Hace unos días, mientras conversaba con alguien sobre la vorágine provocada por las expresiones del ex secretario de Hacienda, Raúl Maldonado sobre la existencia de una “mafia” en el gobierno, me preguntó si en Puerto Rico estábamos viviendo una crisis de institucionalidad o de gobernabilidad.  Le contesté que a mi juicio, en las colonias no había más institucionalidad, y en este caso gobernabilidad, que el permitido por la metrópolis.  Es decir, que en colonias como la de Puerto Rico, hay tanta institucionalidad o gobernabilidad como a Estados Unidos le convenga.  

Durante décadas, los puertorriqueños hemos sido testigos de cómo los partidos Popular Democrático y Nuevo Progresista se han alternado el gobierno como lo hace quien da golpes a una piñata para ver “qué cae”.   Ello en complicidad con el gobierno de los Estados Unidos, que es a quien el andamiaje colonial sirve.  No fue hasta que los intereses económicos norteamericanos se vieron afectados que se creó una nueva estructura que asegurara el pago de las obligaciones incurridas por los excesos de los penepés y populares en la administración de la piñata que es el gobierno de Puerto Rico.  Así nació la mal llamada Promesa.

Pero inmaterialmente de cómo se afecta la vida del puertorriqueño promedio ante la rígida estructura creada a partir de Promesa y los sabuesos nombrados a la Junta de Control Fiscal, los políticos de turno perfeccionan el “arte de bregar”.   Y así, aun cuando el país se empobrece, hay quienes no pierden oportunidad para enriquecerse.  Ese es el cuadro que ha quedado expuesto ante el desmadre provocado por la salida de Raúl Maldonado del gobierno, o falta de gobierno, de Ricardo Rosselló. 

Ante esa realidad, más que indignarnos, muchos puertorriqueños están próximos a caer en la catarsis del nuevo ciclo electoral.  Entonces, refugiados en su cotidianidad, sin importarle las repercusiones de lo que hacen con sus vidas, y con sus votos, se valen de clichés, hacen lo que hacen los demás y se dejan llevar.  Confiados que los puertorriqueños duermen un sueño profundo, los mismos de siempre volverán a las suyas vestidos de otro color.

Es tiempo de que cesemos de eludir nuestra responsabilidad colectiva de indignarnos ante la injusticia del colonialismo, la falta de institucionalidad y la mafiocracia que lo alimenta.

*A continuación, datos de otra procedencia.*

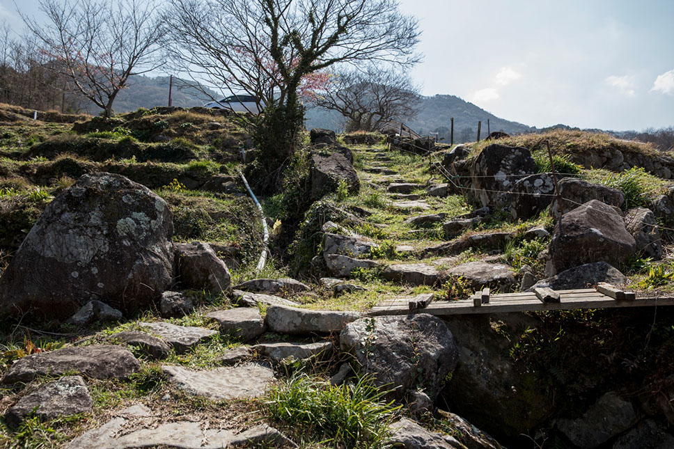 石部棚田を縫うように伸びる石畳の道。農水省の補助事業で農道が通るまでは、標高差が100m余あるこの道を歩いて登り耕作していた

Si nos mantenemos como hasta ahora, corremos el peligro de dejarnos arrastrar sin importar el contexto absurdo o grotesco que asuman los que nos gobiernan. Vivir así es vivir sin rumbo, caminar dormido, ser un sonámbulo o un zombi.

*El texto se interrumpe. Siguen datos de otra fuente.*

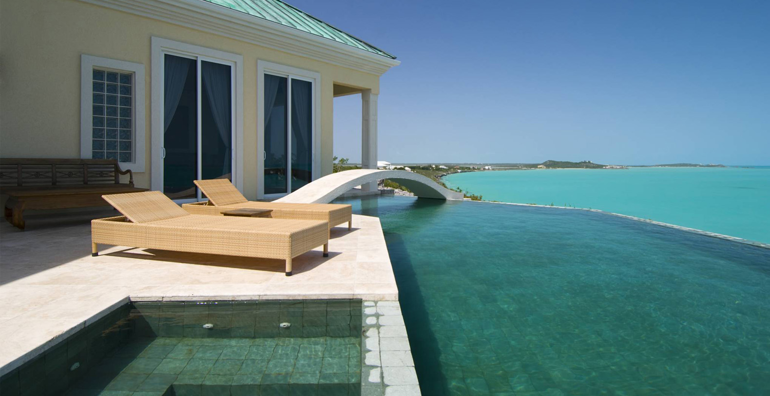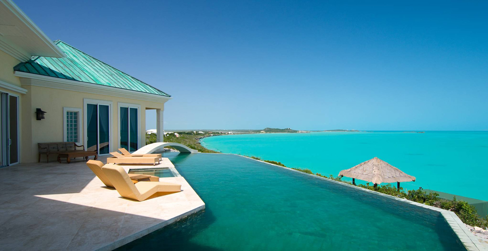 This Luxury Villa built on an elevated crescent-shaped ridge overlooking the Caribbean waters of the Turks and Caicos Banks, is surrounded by the clear blue panorama of spectacular ocean vistas and cooled by the constant tradewinds. Here is an extraordinary vacation home with simply the best of everything.

Los puertorriqueños tenemos la obligación de pensar un país nuevo.  Un país que sirva como legado a nuestros hijos.  Pero nuestra obligación colectiva no debe limitarse a la especulación reflexiva, tenemos que pasar del plano reflexivo a la acción y exigir como pueblo que el gobierno de Estados Unidos asuma su responsabilidad e inicie un proceso de descolonización que se atenga, no a sus necesidades, sino al país que anhelamos.